-- Prompt --
Omit the images and return the remaining entries unchanged.

-- Raw data --

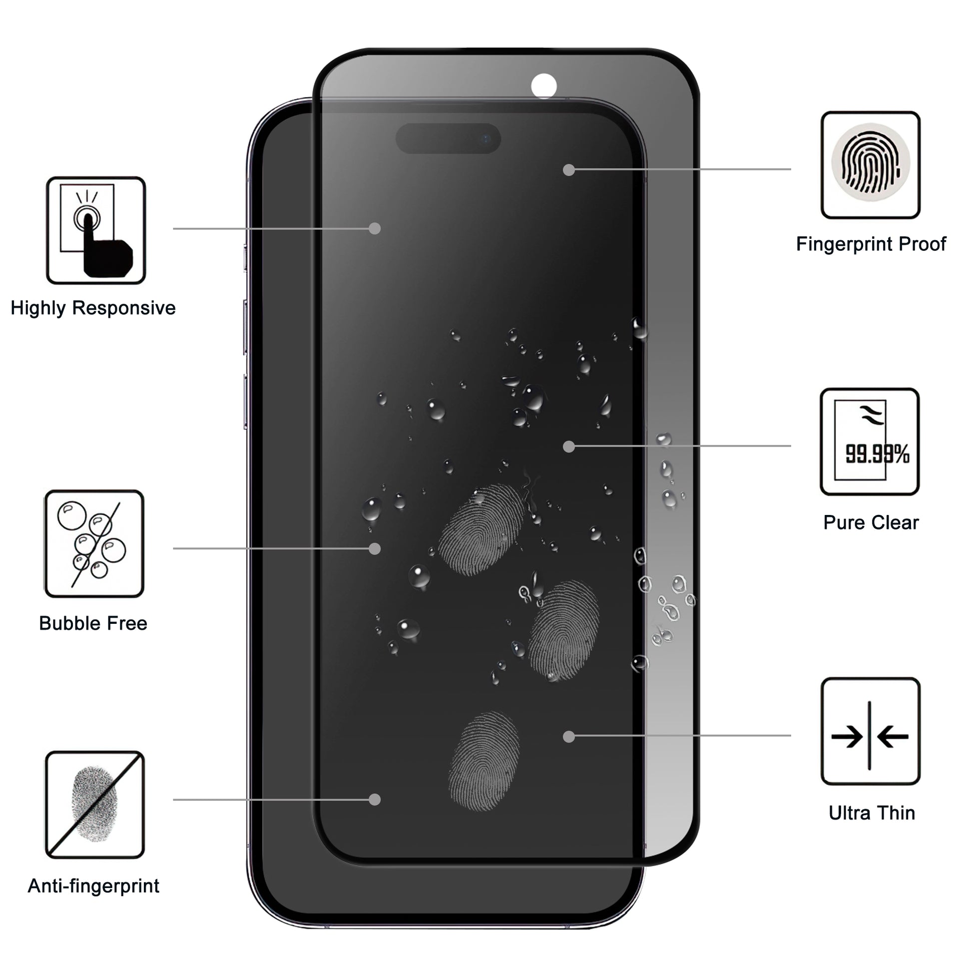 Uniqkart for iPhone 15 Pro Anti-spy Tempered Glass Phone Screen Protector 2.5D Arc Edge Anti-explosion Film
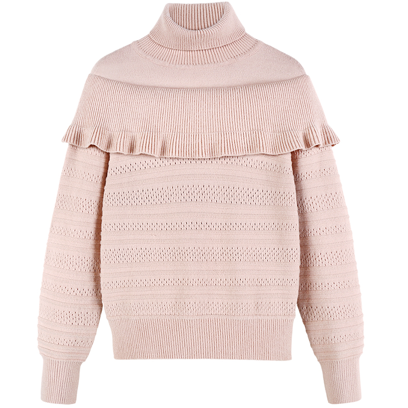MG小象高領毛針織衫女2018新款甜美荷葉邊套頭上衣學生冬季毛衣潮
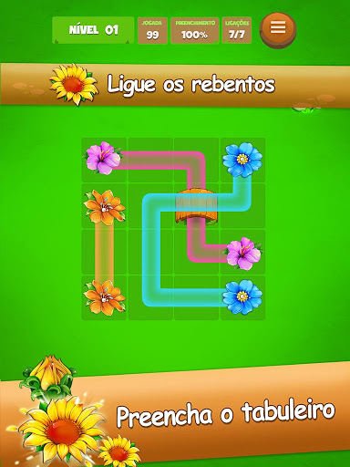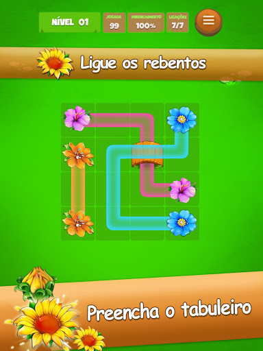 Ligue os rebentos iguais para os fazer florir. Preencha o tabuleiro para terminar o nível.
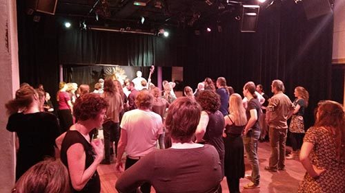 Een paar weken geleden was ik al gaan dansen in de Junushof, maar in Wageningen zijn ze dermate verwend dat ze twéé groepen hebben die folkbals organiseren! Madlot, de muzikanten die de sessies in café de Zaaier leiden waar ik af en toe heen ga, organiseren namelijk (slechts) 2x per jaar ook een bal in de Wilde Wereld. En daar was ik nog nooit eerder geweest. Tijd om eens iets nieuws te proberen.
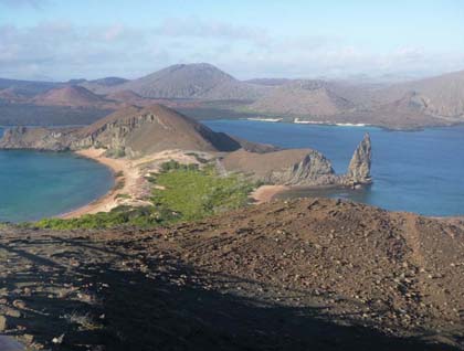Today we started our day anchored near the southeast corner of Santiago Island, next to one of the most emblematic places of Galápagos: Bartolomé Island. Our first outing took place early in the morning with the sun rising behind the spectacular cinder and tuff formation of Bartolomé. The light was perfect for taking pictures of the landscape. On our way to the summit we learned about the geology of the place, which is surrounded by different kinds of parasitic cones and lava tubes—it was a great experience. From the top of the island we were able to recognize more than 10 different islands.
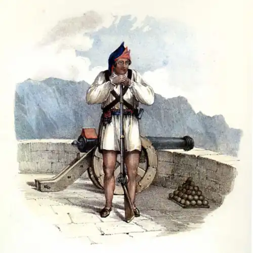 The uniform of this militiaman, needs little description, being nothing more than a shirt and white linen drawers of great width, with a Montero instead of a hat or helmet, in other words it is the common dress of the countrymen with the addition of a soldier's belt.

-- Exercise response --
 Uniqkart for iPhone 15 Pro Anti-spy Tempered Glass Phone Screen Protector 2.5D Arc Edge Anti-explosion Film
MG小象高領毛針織衫女2018新款甜美荷葉邊套頭上衣學生冬季毛衣潮
 Ligue os rebentos iguais para os fazer florir. Preencha o tabuleiro para terminar o nível.
 Een paar weken geleden was ik al gaan dansen in de Junushof, maar in Wageningen zijn ze dermate verwend dat ze twéé groepen hebben die folkbals organiseren! Madlot, de muzikanten die de sessies in café de Zaaier leiden waar ik af en toe heen ga, organiseren namelijk (slechts) 2x per jaar ook een bal in de Wilde Wereld. En daar was ik nog nooit eerder geweest. Tijd om eens iets nieuws te proberen.
Today we started our day anchored near the southeast corner of Santiago Island, next to one of the most emblematic places of Galápagos: Bartolomé Island. Our first outing took place early in the morning with the sun rising behind the spectacular cinder and tuff formation of Bartolomé. The light was perfect for taking pictures of the landscape. On our way to the summit we learned about the geology of the place, which is surrounded by different kinds of parasitic cones and lava tubes—it was a great experience. From the top of the island we were able to recognize more than 10 different islands.
 The uniform of this militiaman, needs little description, being nothing more than a shirt and white linen drawers of great width, with a Montero instead of a hat or helmet, in other words it is the common dress of the countrymen with the addition of a soldier's belt.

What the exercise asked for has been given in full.